+++ Dataset excerpts

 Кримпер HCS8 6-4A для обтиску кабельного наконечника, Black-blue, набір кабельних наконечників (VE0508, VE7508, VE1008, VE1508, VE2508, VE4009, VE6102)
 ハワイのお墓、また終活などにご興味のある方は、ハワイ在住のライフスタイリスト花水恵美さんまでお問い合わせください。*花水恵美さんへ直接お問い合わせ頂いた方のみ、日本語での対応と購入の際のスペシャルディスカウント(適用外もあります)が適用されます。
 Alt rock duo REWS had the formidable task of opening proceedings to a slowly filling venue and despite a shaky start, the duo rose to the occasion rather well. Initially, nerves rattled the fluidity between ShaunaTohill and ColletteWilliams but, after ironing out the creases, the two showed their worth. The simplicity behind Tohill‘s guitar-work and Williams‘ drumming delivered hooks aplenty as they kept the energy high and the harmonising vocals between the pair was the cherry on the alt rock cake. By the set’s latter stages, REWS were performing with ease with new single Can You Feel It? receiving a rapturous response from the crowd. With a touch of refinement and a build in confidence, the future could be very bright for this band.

++++++
+++ Dataset excerpts

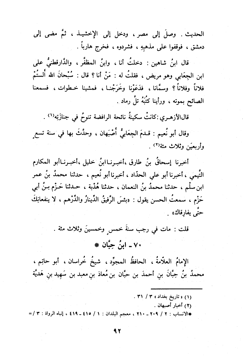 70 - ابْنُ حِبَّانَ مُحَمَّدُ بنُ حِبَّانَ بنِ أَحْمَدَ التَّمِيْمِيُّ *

++++++

Problem details: Please, from the material above, copy only the lines from the line with "ハワイのお墓、また終活などに" up to and including the line with "Alt rock duo", exactly as written.

Task solution:
 ハワイのお墓、また終活などにご興味のある方は、ハワイ在住のライフスタイリスト花水恵美さんまでお問い合わせください。*花水恵美さんへ直接お問い合わせ頂いた方のみ、日本語での対応と購入の際のスペシャルディスカウント(適用外もあります)が適用されます。
 Alt rock duo REWS had the formidable task of opening proceedings to a slowly filling venue and despite a shaky start, the duo rose to the occasion rather well. Initially, nerves rattled the fluidity between ShaunaTohill and ColletteWilliams but, after ironing out the creases, the two showed their worth. The simplicity behind Tohill‘s guitar-work and Williams‘ drumming delivered hooks aplenty as they kept the energy high and the harmonising vocals between the pair was the cherry on the alt rock cake. By the set’s latter stages, REWS were performing with ease with new single Can You Feel It? receiving a rapturous response from the crowd. With a touch of refinement and a build in confidence, the future could be very bright for this band.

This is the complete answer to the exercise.